__Task details__:
The answer should consist of each line from the data below that includes "איראן".
============================================================
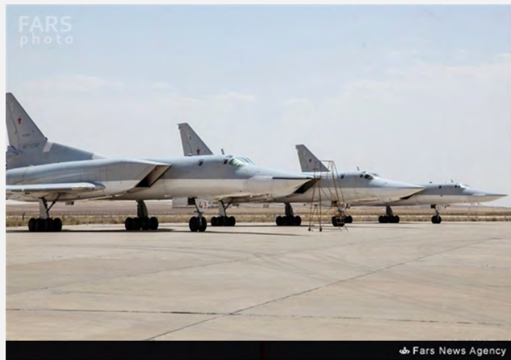
מפציצים רוסיים בשטח איראן (פארס, 16 באוגוסט 2016).

■ משרד ההגנה הרוסי אישר ב-16 באוגוסט 2016, כי רוסיה הציבה מפציצים בבסיס חיל האוויר בהמדאן (Hamedan) שבמערב איראן והחלה להשתמש בהם לצורך תקיפות אוויריות בסוריה. שר ההגנה הרוסי סרגי שויגו דיווח לכלי תקשורת רוסיים, כי ב-16 באוגוסט 2016 המריאו לראשונה מטוסים רוסיים משדה התעופה המדאן כדי לתקוף מטרות טרור בסוריה. לדבריו המדובר במפציצים אסטרטגיים ארוכי טווח מסוג Tu-22M3 ומטוסי תקיפה Su-34 שתקפו מטרות של דאעש וחזית פתח אל-שאם במחוזות חלב, דיר אלזור ואדלב. בתקיפות הללו נהרסו מתקני פיקוד ומחנות אימונים ונהרגו פעילי טרור רבים (ספוטיק, 16 באוגוסט 2016).
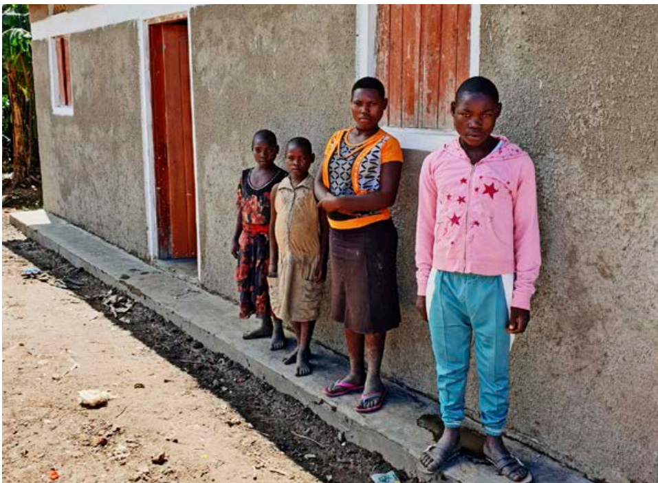
Móðir barnanna á myndinni, sem eru 10, 12, 15 og 18 ára gömul, lést af völdum alnæmis í maí síðastliðnum og eru þau nú munaðarlaus. Þau njóta aðstoðar Hjálparstarfs kirkjunnar en auk múrsteinshúss, kamars og vatnstanks hafa þau fengið geitur til að tryggja fæðuöryggi sitt með ræktun þeirra. Börnin fá rúm, dýnur, moskitónet og eldhúshöld með húsinu. Þau fá fræðslu um mikilvægi hreinlætis til að koma í veg fyrir sjúkdóma og njóta salræns stuðnings starfsfólks RACOBAA.
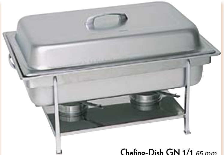
Chafing-Dish GN 1/1 65 mm keine Montage, keine losen Teile, komplett montiert im Karton mit Brennpastenbehälter und GN-Behälter 65 mm, Griffe und Füße verchromt
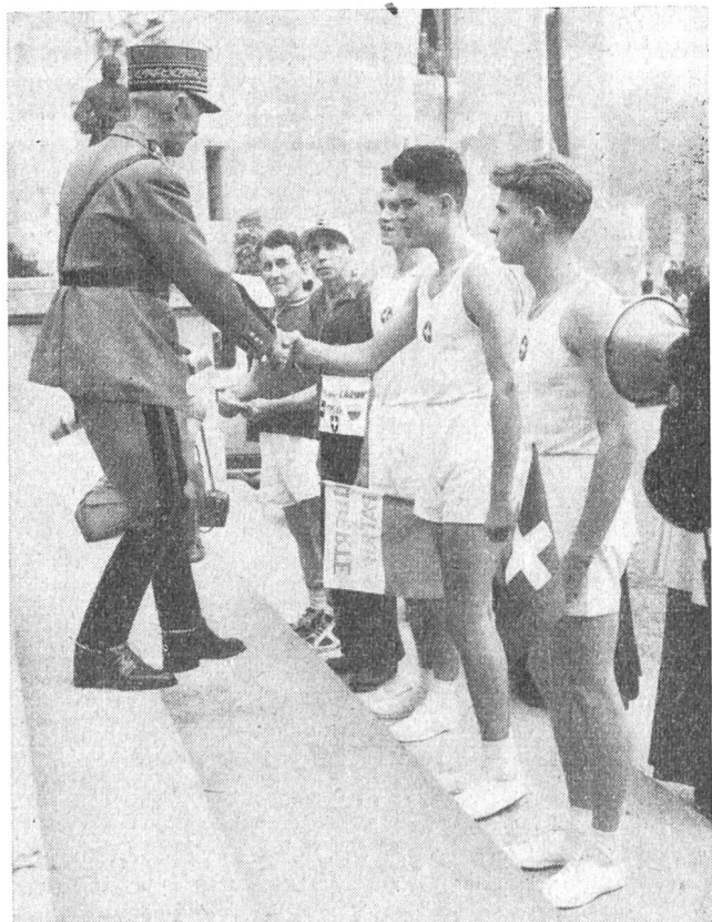
Il gen. Guisan ringrazia la gioventù svizzera per i graditi auguri

sanna e Ginevra e dell'Unione ticinese di Berna, e soprattutto il messaggio della gioventù svizzera che tre baldi giovani dell'I. P. gli hanno consegnato sulla piazza del Castello a Losanna. Centodieci giovani, ripartiti sugli altrettanti chilometri che separano Macolin da Losanna, si sono passati il messaggio scritto su una bella pergamena: dovunque la folla li ha applauditi, manifestando così il suo profondo attaccamento al Generale ed anche la sua simpatia per il movimento dell'istruzione preparatoria volontaria e per l'istituzione di Macolin, che oramai è diventata il centro di tutta l'attività sportiva di base del nostro paese. Messaggio semplice e bello quello che un giovanotto ha letto al Generale e che riproduciamo in questa pagina.
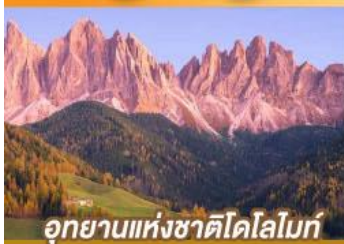
อุทยานแห่งชาติโดโลไมท์
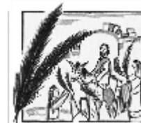
„Im Schatten des Jubels“

„Er sagte zu ihnen: Geht in das Dorf, das vor euch liegt; gleich wenn ihr hineinkommt, werdet ihr einen jungen Esel angebunden finden, auf dem noch nie ein Mensch gesessen hat. Bindet ihn los, und bringt ihn her! Und wenn jemand zu euch sagt: Was tut ihr da?, dann antwortet: Der Herr braucht ihn; er lässt ihn bald wieder zurückbringen.“
============================================================
__Solution for this exercise__:
מפציצים רוסיים בשטח איראן (פארס, 16 באוגוסט 2016).
■ משרד ההגנה הרוסי אישר ב-16 באוגוסט 2016, כי רוסיה הציבה מפציצים בבסיס חיל האוויר בהמדאן (Hamedan) שבמערב איראן והחלה להשתמש בהם לצורך תקיפות אוויריות בסוריה. שר ההגנה הרוסי סרגי שויגו דיווח לכלי תקשורת רוסיים, כי ב-16 באוגוסט 2016 המריאו לראשונה מטוסים רוסיים משדה התעופה המדאן כדי לתקוף מטרות טרור בסוריה. לדבריו המדובר במפציצים אסטרטגיים ארוכי טווח מסוג Tu-22M3 ומטוסי תקיפה Su-34 שתקפו מטרות של דאעש וחזית פתח אל-שאם במחוזות חלב, דיר אלזור ואדלב. בתקיפות הללו נהרסו מתקני פיקוד ומחנות אימונים ונהרגו פעילי טרור רבים (ספוטיק, 16 באוגוסט 2016).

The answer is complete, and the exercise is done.